See Hybrid & Lexical Search for the scoring details and the lexical-only (KvStore.LexicalQuery) variant.

Embed images and audio

EmbedImage and EmbedAudio take a base64-encoded file in the request and return the same response shape as EmbedText. With a cross-modal model id the image/audio vectors share the text space.

// Image — model ids: "clip", "siglip", "dinov2-small", "dinov2-large"
string imgResp = engine.Embeddings.EmbedImage(JsonSerializer.Serialize(new {
model = "clip",
image = Convert.ToBase64String(File.ReadAllBytes("car.png")),
}));

// Audio — model id "clap". WAV / RIFF only (not MP3/FLAC).
string audResp = engine.Embeddings.EmbedAudio(JsonSerializer.Serialize(new {
model = "clap",
audio = Convert.ToBase64String(File.ReadAllBytes("bark.wav")),
}));
// Parse resp -> data[0].embedding into a float[].

EmbedImage / EmbedAudio read the model from the on-device cache and never launch a silent blocking download — gate with is_model_cached(modelId) and model_download_async(modelId) first. See Multimodal Embedding for the model table.

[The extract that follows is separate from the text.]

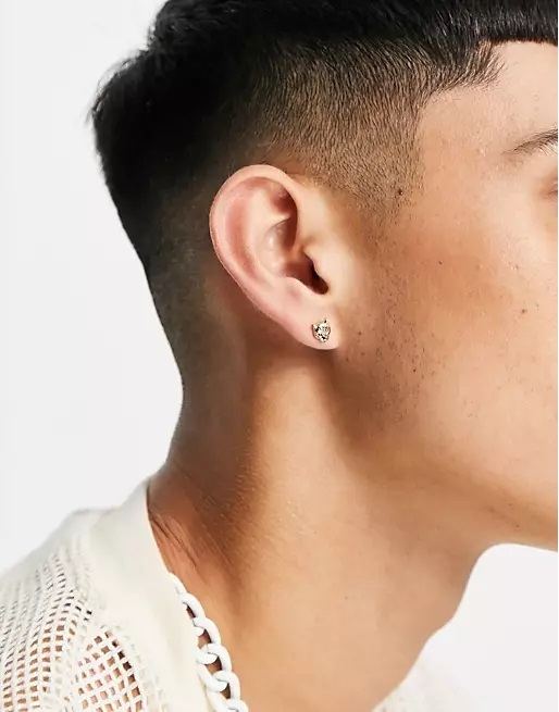 Y si lo que buscáis son modelos de pendientes que sean algo más modernos o no tan pegados a los primeros pendientes para hombre que se llevaron, nada como elegir entre los modelos que ahora os mostramos que podéis encontrar en la tienda online de Asos. Entre ellos, nada como elegir por ejemplo el modelo de inspiración “vintage” con detalle de perla y en plata, los pendientes de aro en dorado con varios diseños colgantes o también, los pendientes de botón que tienen un original diseño de una cara sonriente y otra triste.

Classify text, images, and audio

Classifiers.Load registers a trained classifier; the Predict* calls return a JSON string with a top label, its probability, and a top list of the top-k {label, probability} pairs.

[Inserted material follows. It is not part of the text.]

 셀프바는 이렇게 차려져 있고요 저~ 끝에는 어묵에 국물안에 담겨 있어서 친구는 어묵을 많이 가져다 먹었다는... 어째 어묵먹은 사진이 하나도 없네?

engine.Classifiers.Load("steering", "/abs/path/to/models/steering");

// top_k is optional: omit for all labels ranked, 0 for just the top label
// (empty `top` list), N for the N best.
string textResult = engine.Classifiers.PredictText(JsonSerializer.Serialize(new {
model_id = "sentiment", text = "I love this!", top_k = 3,
}));

// Image classifier over DINOv2-Small embeddings (labels e.g. "left"/"right").
string imageResult = engine.Classifiers.PredictImage(JsonSerializer.Serialize(new {
model_id = "steering", image_path = "/abs/path/frame.png", top_k = 0,
}));

// Audio classifier — WAV / RIFF input only.
string audioResult = engine.Classifiers.PredictAudio(JsonSerializer.Serialize(new {
model_id = "ambience", audio_path = "/abs/path/clip.wav", top_k = 3,
}));

The image/audio embedder the classifier was trained with ("dinov2-small", "clap") must be cached first. See Classifiers for training and the full result schema.